• Data
──────

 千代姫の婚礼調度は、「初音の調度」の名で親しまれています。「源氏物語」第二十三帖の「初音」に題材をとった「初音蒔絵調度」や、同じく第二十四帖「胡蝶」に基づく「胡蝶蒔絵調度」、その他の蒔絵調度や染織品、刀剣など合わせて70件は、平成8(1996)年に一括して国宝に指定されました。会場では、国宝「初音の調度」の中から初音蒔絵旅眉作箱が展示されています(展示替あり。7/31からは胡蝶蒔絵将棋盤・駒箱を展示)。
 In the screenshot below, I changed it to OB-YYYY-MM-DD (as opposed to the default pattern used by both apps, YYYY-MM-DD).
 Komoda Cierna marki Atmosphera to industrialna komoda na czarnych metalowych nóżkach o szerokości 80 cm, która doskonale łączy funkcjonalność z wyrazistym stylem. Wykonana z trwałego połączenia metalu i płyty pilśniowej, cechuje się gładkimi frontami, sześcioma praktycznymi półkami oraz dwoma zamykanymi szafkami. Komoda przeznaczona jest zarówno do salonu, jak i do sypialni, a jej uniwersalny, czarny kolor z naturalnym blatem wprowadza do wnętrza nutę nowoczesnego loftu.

──────

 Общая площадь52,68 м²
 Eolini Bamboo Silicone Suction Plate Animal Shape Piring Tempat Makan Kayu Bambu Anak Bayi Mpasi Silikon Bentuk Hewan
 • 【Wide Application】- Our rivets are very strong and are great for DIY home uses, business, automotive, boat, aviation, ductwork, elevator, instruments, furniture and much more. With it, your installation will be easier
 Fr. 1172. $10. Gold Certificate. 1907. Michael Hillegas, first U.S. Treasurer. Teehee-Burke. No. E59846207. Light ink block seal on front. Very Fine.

──────

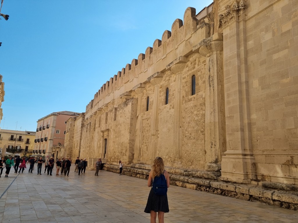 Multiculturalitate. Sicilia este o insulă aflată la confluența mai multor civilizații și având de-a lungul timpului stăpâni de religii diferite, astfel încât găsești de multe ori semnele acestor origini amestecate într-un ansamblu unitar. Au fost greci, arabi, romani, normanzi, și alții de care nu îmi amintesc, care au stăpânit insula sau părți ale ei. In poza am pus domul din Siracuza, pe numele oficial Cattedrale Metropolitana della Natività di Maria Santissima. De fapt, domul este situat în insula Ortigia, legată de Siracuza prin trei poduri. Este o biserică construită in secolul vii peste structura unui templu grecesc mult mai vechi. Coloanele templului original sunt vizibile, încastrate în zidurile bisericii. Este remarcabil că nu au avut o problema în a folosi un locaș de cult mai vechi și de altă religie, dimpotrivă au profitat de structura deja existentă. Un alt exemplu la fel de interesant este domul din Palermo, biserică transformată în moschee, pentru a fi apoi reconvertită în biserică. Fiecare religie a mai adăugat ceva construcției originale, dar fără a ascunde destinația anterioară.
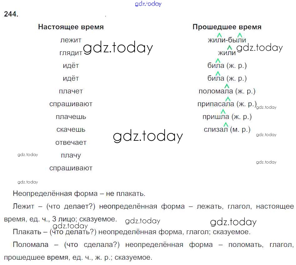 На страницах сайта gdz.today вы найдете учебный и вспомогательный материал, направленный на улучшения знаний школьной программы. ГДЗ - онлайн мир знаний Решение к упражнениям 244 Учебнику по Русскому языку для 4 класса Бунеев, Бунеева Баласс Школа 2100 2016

──────

Above is a listing; print exactly its lines from the one with "千代姫の婚礼調度は、「初音の" through the one with "In the screenshot", and no other lines.

• Answer space
 千代姫の婚礼調度は、「初音の調度」の名で親しまれています。「源氏物語」第二十三帖の「初音」に題材をとった「初音蒔絵調度」や、同じく第二十四帖「胡蝶」に基づく「胡蝶蒔絵調度」、その他の蒔絵調度や染織品、刀剣など合わせて70件は、平成8(1996)年に一括して国宝に指定されました。会場では、国宝「初音の調度」の中から初音蒔絵旅眉作箱が展示されています(展示替あり。7/31からは胡蝶蒔絵将棋盤・駒箱を展示)。
 In the screenshot below, I changed it to OB-YYYY-MM-DD (as opposed to the default pattern used by both apps, YYYY-MM-DD).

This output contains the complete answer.